Clouds, vessels, and an excerpt

August 11, 2024

I’m starting to write this from 31,978 feet at 498 mph (9,747 m at 796km/h for the empirical folks) in the belly of a (mostly) metal beast, simply as an exercise in observation. Looking out at a skyscape of clouds resembling white valleys and mountains of condensation, the infrequent breaks in the clouds exposing what lies beneath - earthy patches of open field jigsawed into one another. 

These gradually give way to the blue expanse of one of the Great Lakes, the color filling my window, dissipating clouds casting their shadows down to the water’s surface and gliding past us, weightless clusters of fluff. My eyes are drawn to the crevasses and irregularities in the underwater sediment, likely hidden by the water’s reflective surface far below. I wonder what the sand and earth are like down there, how it must feel to the hands, or what it feels like under the feet. I’m reminded of clay.

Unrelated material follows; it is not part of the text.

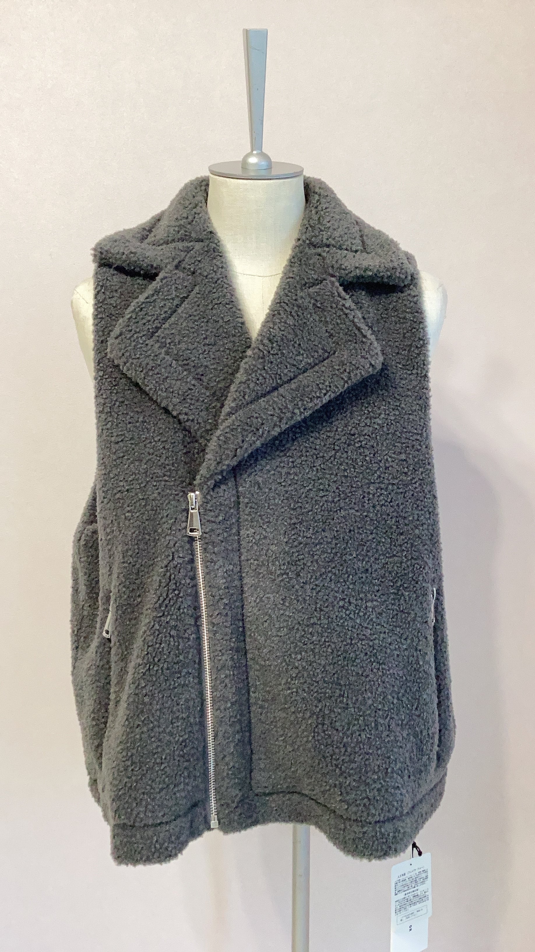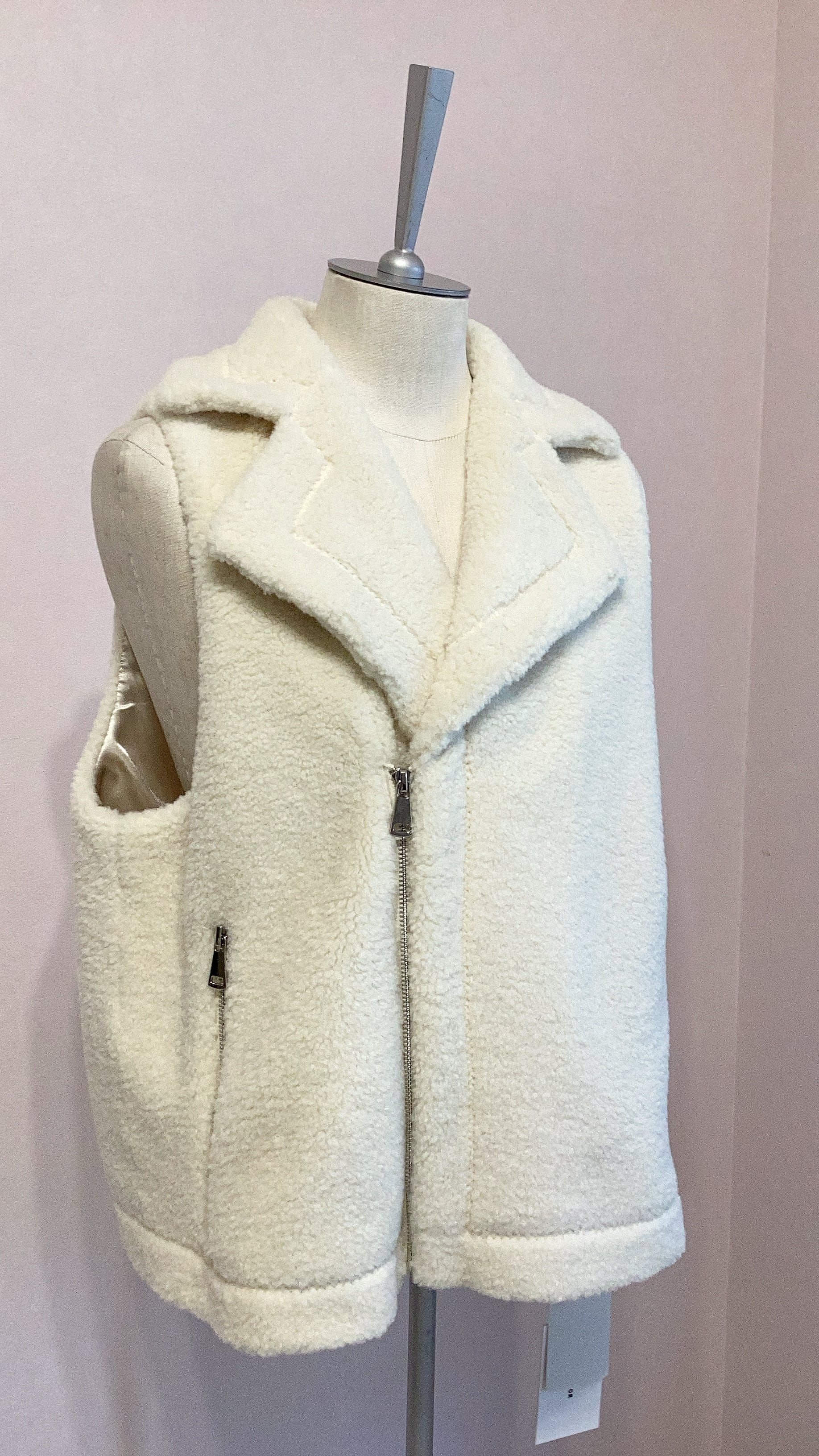 柔らかく軽いボア素材を使用した大人気ボアベスト。ボアの可愛らしさの中にライダースのクールさをプラスした大人カジュアルなデザインが魅力。アームホールが広めでインナーを選びません。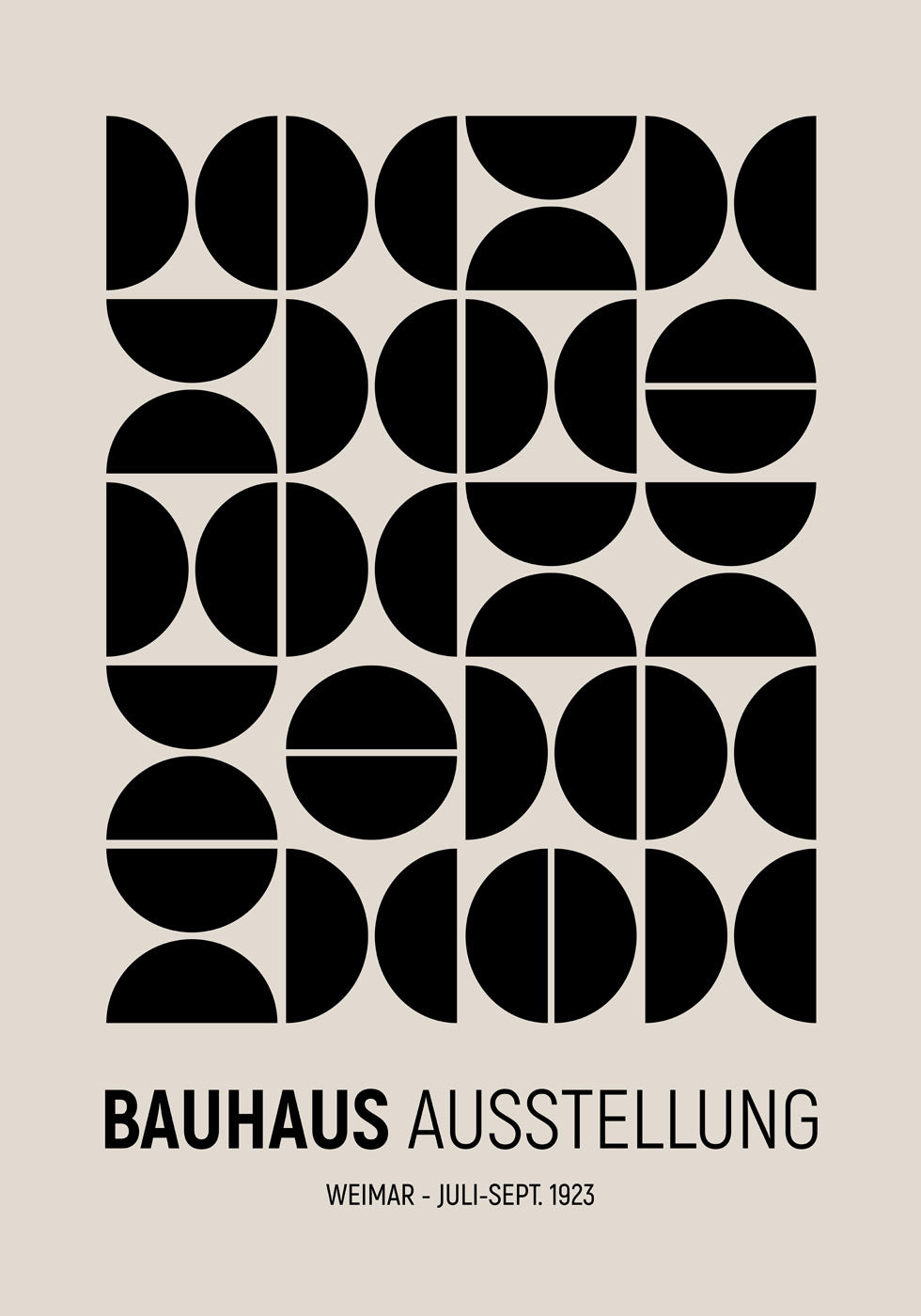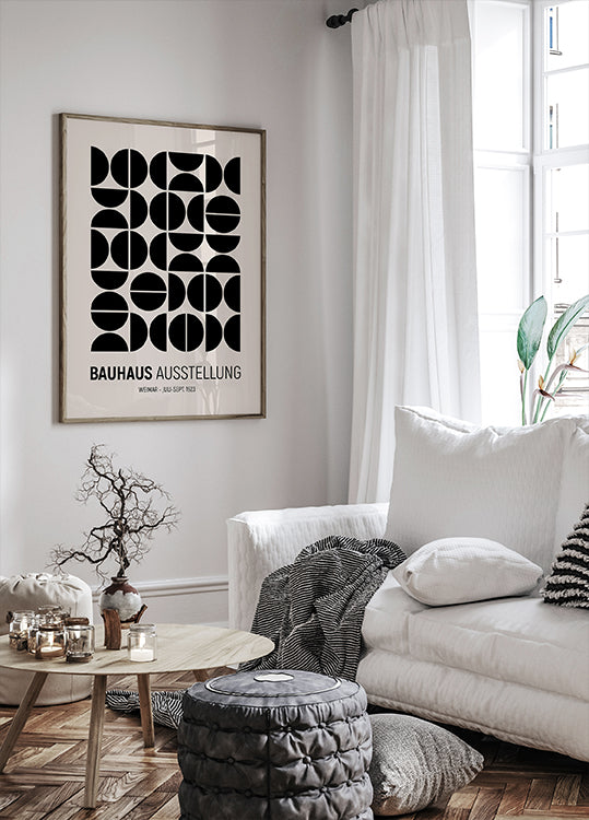 Inspiriert von der Bauhaus-Ausstellung 1923 zeigt dieses Grafikplakat die Schönheit der Einfachheit mit schwarzen Formen in systematischen Reihen. Eine visuelle Hommage an die Moderne.

I think of how the act of collecting and shaping this damp matter, introducing it to fire, painting on patterns and glyphs made of more earthborn materials, has created objects that were imbued with spiritual and ritualistic significance throughout history. Entire cultural stories and mythologies adorn these vessels carrying water, wine, oils, viscera, or other contents. They transcended their superficial earthenware function and connected this world to the spiritual and became instruments that created portals to the afterlife for their contents. 


August 18, 2024

A week after the mental/digital note above and having been back on the ground with another Yupanki show under my belt, I’m still thinking of the practice of vessel making. I’ve thrown clay only once before (messily and poorly), and given the skill it takes for simpler forms, I’m always astounded by how much went into the trial and errors of pre-Columbian vessels. Often depicted as “simpler” people, so many indigenous cultures had existing governments, social strata, economies, religious practices, and sciences in place.

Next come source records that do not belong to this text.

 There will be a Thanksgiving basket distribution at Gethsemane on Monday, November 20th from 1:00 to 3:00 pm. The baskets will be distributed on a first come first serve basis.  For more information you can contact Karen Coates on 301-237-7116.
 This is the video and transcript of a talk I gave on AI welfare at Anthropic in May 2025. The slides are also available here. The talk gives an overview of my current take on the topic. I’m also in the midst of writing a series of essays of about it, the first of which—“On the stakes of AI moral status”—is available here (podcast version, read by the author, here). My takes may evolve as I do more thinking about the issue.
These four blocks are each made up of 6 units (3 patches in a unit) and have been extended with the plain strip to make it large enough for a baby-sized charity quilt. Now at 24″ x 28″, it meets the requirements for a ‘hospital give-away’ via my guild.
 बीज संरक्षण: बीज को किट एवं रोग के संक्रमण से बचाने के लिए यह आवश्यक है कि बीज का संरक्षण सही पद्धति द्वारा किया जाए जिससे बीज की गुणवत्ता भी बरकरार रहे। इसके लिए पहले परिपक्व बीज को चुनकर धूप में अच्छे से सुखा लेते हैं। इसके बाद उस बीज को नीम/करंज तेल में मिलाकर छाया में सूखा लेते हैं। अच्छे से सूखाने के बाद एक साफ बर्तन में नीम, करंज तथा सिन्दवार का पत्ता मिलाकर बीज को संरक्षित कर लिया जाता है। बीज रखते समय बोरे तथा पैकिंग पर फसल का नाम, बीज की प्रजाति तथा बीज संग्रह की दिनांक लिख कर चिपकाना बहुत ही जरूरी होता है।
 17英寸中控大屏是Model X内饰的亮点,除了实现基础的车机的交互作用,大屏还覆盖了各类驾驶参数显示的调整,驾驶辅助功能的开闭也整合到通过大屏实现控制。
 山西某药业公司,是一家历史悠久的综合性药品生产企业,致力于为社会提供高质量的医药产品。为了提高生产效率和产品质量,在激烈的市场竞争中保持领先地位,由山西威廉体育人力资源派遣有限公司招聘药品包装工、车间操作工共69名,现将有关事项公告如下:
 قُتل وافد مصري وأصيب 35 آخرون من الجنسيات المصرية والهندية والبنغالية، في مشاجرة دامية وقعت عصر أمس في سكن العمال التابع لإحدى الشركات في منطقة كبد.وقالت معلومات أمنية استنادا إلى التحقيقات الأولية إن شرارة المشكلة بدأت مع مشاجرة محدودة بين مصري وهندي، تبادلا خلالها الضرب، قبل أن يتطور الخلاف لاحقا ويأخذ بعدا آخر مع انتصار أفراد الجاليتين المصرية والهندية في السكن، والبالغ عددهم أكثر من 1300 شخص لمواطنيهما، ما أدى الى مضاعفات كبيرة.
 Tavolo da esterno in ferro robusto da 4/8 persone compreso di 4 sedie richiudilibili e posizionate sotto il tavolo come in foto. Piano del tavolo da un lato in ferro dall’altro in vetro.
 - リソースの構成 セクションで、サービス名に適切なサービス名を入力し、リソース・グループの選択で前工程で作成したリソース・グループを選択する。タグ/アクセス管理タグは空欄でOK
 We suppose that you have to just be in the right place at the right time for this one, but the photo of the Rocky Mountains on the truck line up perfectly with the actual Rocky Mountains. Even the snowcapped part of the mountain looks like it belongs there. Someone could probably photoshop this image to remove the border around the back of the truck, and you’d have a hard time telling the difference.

Specifically thinking of the Andes, their vessels often denoted characteristics of the above by decorative quality or by physical shapes (or both), even referencing the connection between worlds, such as the earth and sky or earth and sea. The vessel below with the bird motif highlights the significance of harmony between the Nasca peoples and the coast, considering their relationship with water in their desert environment.

Nasca ceramic vase

(Museo de arte Precolombino, Cusco)


Other more intricate vessels also serve musical purposes that could be performed with by blowing air through a mouthpiece, or by filling with a liquid to change the tonality or even rocking the filled vessel back and forth to produce whistling sounds from the air pressure entering and exiting the vessel.

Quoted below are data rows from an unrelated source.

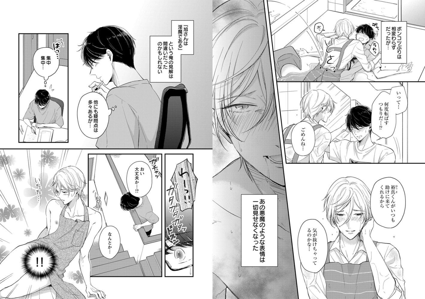 両親が留守にしている4日間だけ住み込みでやってきた、ちょっとドジでエッロい家政夫のお兄さん・旭さんは、掃除をすれば水をブチ撒け、あちこちにぶつかりまくっては物を壊すポンコツっぷり。そのくせ仕草がいちいち艶っぽくて、なんだか妖しい雰囲気を醸し出している。すげー綺麗な顔して濡れたシャツ越しの乳首は勃ってるし、気づいたら全裸にエプロン姿……って、まさかの変態!?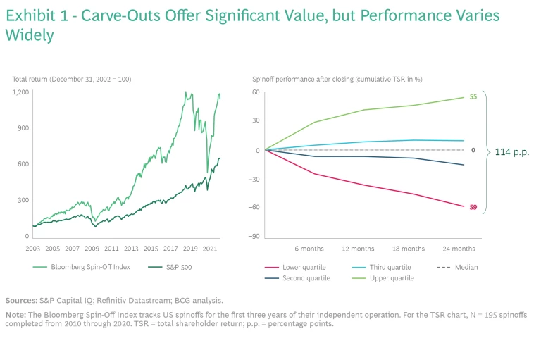 Across industries, carve-outs are on the rise. From July 2020 through June 2021, the quarterly average deal value was $309 billion, 25% higher than the five-year average ($247 billion per quarter). There is a clear logic behind this trend: carve-outs create value. From 2003 through mid-2021, returns for the Bloomberg Spin-Off Index more than doubled those of the S&P 500. Yet performance varies widely between the winners and losers. Only about 50% of deals create value in the medium term, and poor performers can lose significant value, producing total shareholder return that’s more than 100 percentage points below the leaders. (See Exhibit 1.)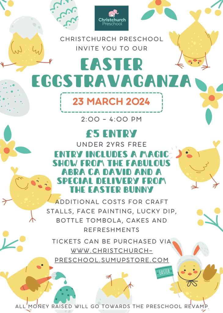 Easter Eggstravaganza 13th Mar 2024 emilygooch1084c50a68 Tickets can be purchased via https://christchurch-preschool.sumupstore.com/ Share this: Click to share on X (Opens in new window) X Click to share on Facebook (Opens in new window) Facebook Like Loading... Related

For my song/poem Somos Vasos (We Are Vessels), I was drawn to the type of vessel used to carry or store material, specifically making it contain earth in the poem. I reference the contents transmuting between solid and liquid, thinking about how we often need to change within in order to adapt to our surroundings while also trying to stay true to ourselves.

Here’s an excerpt:

"Pachamama,
whom I watched birth mountains and command legions
of stone warriors awoken from their earthly chasms,
spits into the ground at her feet and mixes
with delicate finger tips.
A gentle, caressing spiral into the wet earth.
I was reminded of tales of a man creating man
from breath and dirt.
But did he ever feel the tender touch
a mother’s love could give?

She sculpts the air and lifts her hand.
A keru,
a vessel,
full of earth,
rises from the ground.
She presents it to me, whispering
about its age,
how it’s not as old as the ones that were never made,
the ones that will not taste air,
but old nonetheless.

She sang a song of Los Olleros,
the ancient potters who shaped it when
First Mountain touched the sky.

The earth within,
reddish brown like her,
reddish brown like me.
The grains are the remnants
and echoes
of our destinies.
The color, she says,
is gift from the sun
worth more than a crown.
Her fingertips pinch from the contents
of what was once earth
but liquefies into blood at her touch.
A transmuted droplet rolls off her finger,
falling back into the keru
as earth."

"Somos Vasos"
Un Lugar Lejos: Valleys

Early watercolor warmup study | Final painting for Somos Vasos in "Un Lugar Lejos: Valleys"

The poem makes me wonder about the spirits contained within all aspects of nature that we have gradually lost connection to in favor of land speculation and development, but that original stewards of lands across the world still fight to protect. I loved the idea that something as unsuspecting as earth could change shape or consistency at a touch, while great masses of earth and stone like mountains could be given life as monolithic creatures that can be called forth from hibernation.

Musically as Yupanki, I like to think that “Somos Vasos” is a dialogue between the narrator and Pachamama in an otherworldly space, surrounded by the mountains and other spirits. A reimagined version of the song, “Vaso de Los Olleros” (Vessel of The Potters), brings in more heavy and rhythmic sonic elements, which in a sense serves as a more visceral soundtrack to their interactions as a group which includes events not described in the poem. I hope the listener/reader can conjure up and visualize those events themselves after spending some time with each.